There were volumes in Latin and Greek, and many more in English, or rather in many varieties of English, charting the course of his language over all this time. He could still read the handwritten and illuminated English of his childhood as easily as he could read the scribblings he'd found in Jex's notebook, even though they were almost two separate languages.

The thought of the notebook made him lower the lid of the chest again. He knew there wouldn't be anything in the books of his library that would help him understand what had just happened in the church. If anything, if there were answers, they'd be found in the notebook itself because he was convinced the events were related.

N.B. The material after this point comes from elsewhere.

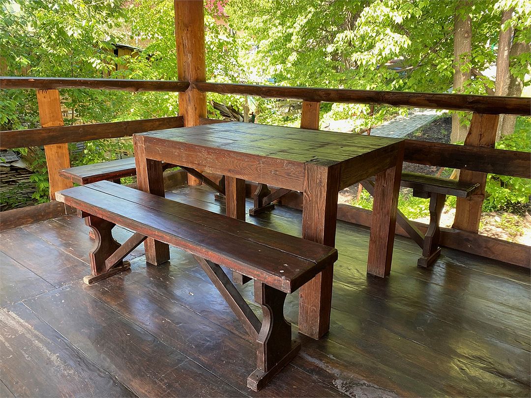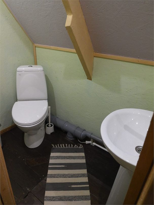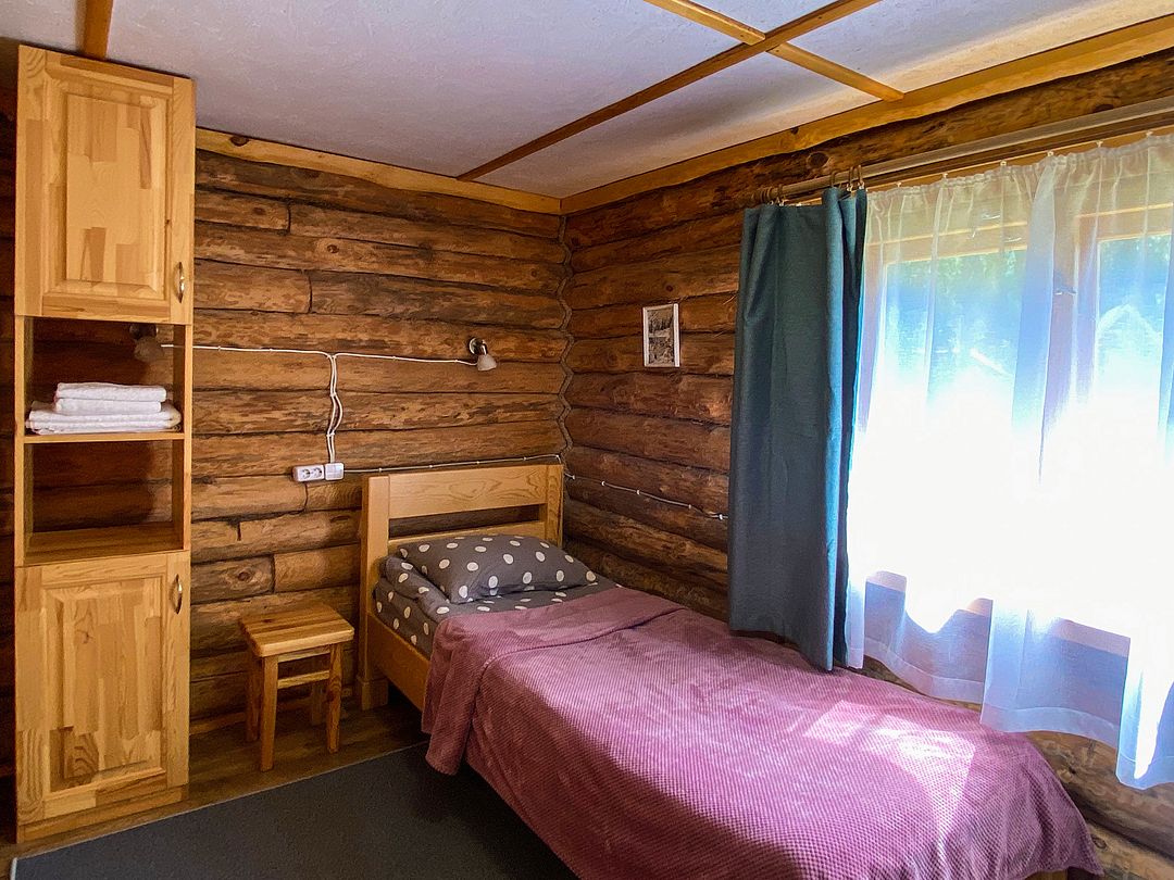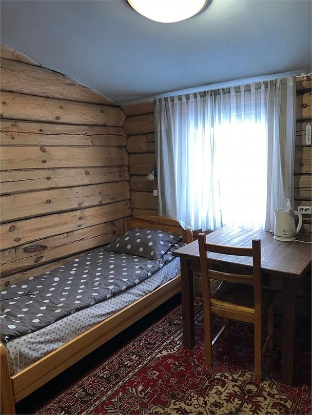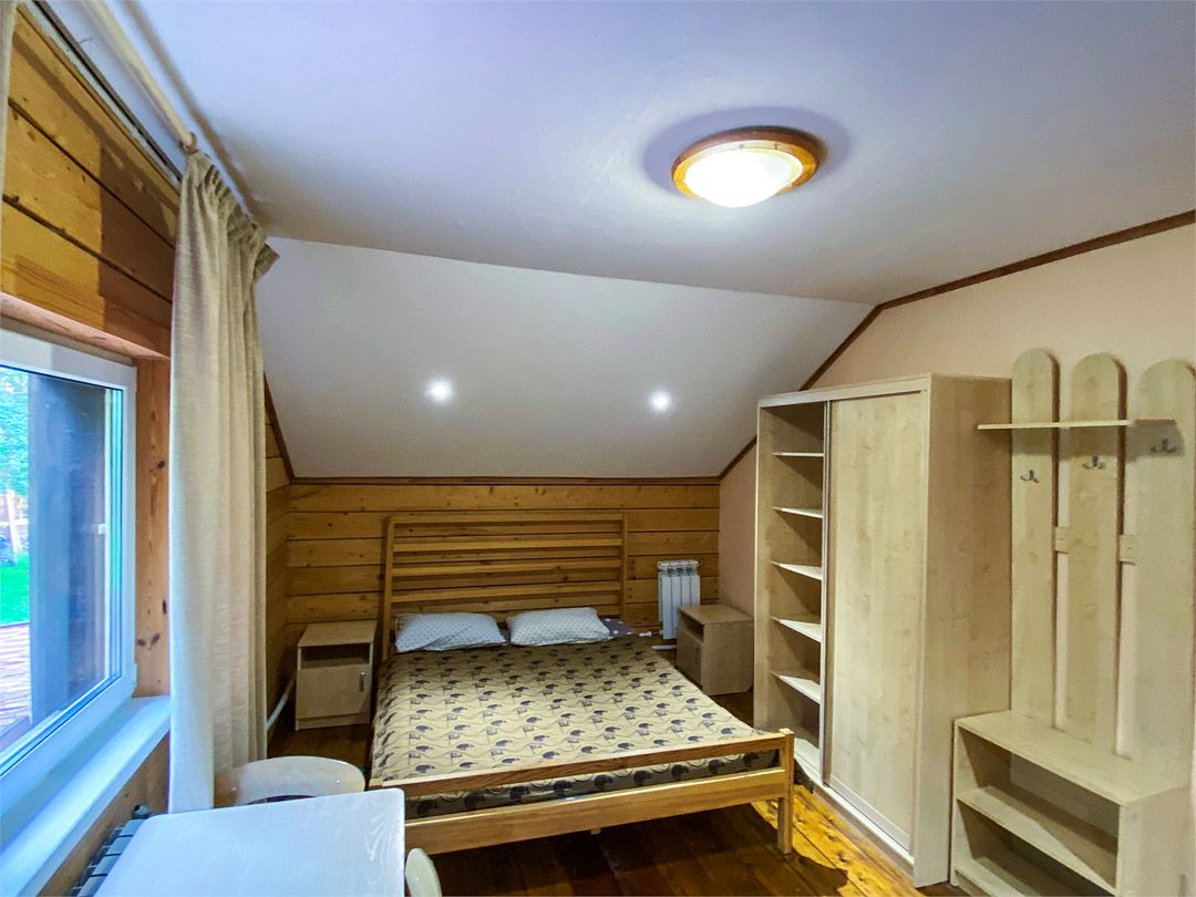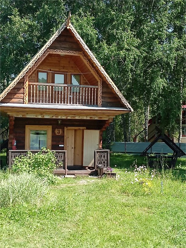 Рубленный дом из сосны, отдельно стоящий. 2 этаж с балконом. Отдельный вход. Три односпальных кровати, вешалка для одежды. Стол, стулья, чайник, чашки. Туалет, раковина, г/х вода. Полотенце.

He felt a slight prickling on his skin, a sixth sense telling him that the sun had broken over the horizon in the city above. He knew how differently the city looked now, but when he thought of it at dawn, he couldn't help but see the early mornings of his childhood and it filled him with a wrenching sadness, for the mother he'd never known, for the half-brother who'd overtaken him and grown old and died, for the father who'd mourned his death, for the lost world of that other England.

Will slumped into a chair with the notebook and flicked through its pages. This is what that world had become, Jex and his dogs living in a disused warehouse where once there had been fields, surrounded by light and noise and machines where once there had been tranquility.

But his mood lifted when he thought of all that had remained the same over the centuries, the city walls, some of its buildings and streets, and above all this church, standing proud like a beacon across time. And the people themselves, some of whom might have stepped with him from his own past, stopping only for a change of clothes.

He caught a glimpse of the girl's picture and stopped, opening the notebook to look at it once more. Something about her had enchanted him and he didn't know whether it was simply her beauty, for she
was
beautiful in an unhappy way, or a deeper sense that she was a part of all of this.

He didn't entirely believe in omens and portents, but Jex had given him a strange and demented sign in the form of this book and his dying words. It implied a destiny, just as the demon above had suggested there were forces that wanted to keep him from that destiny. And if Will had understood correctly, this girl
was
a part of it, perhaps even the key. If she was the girl Jex had spoken of then Will needed her, and though she probably didn't know it, she needed him.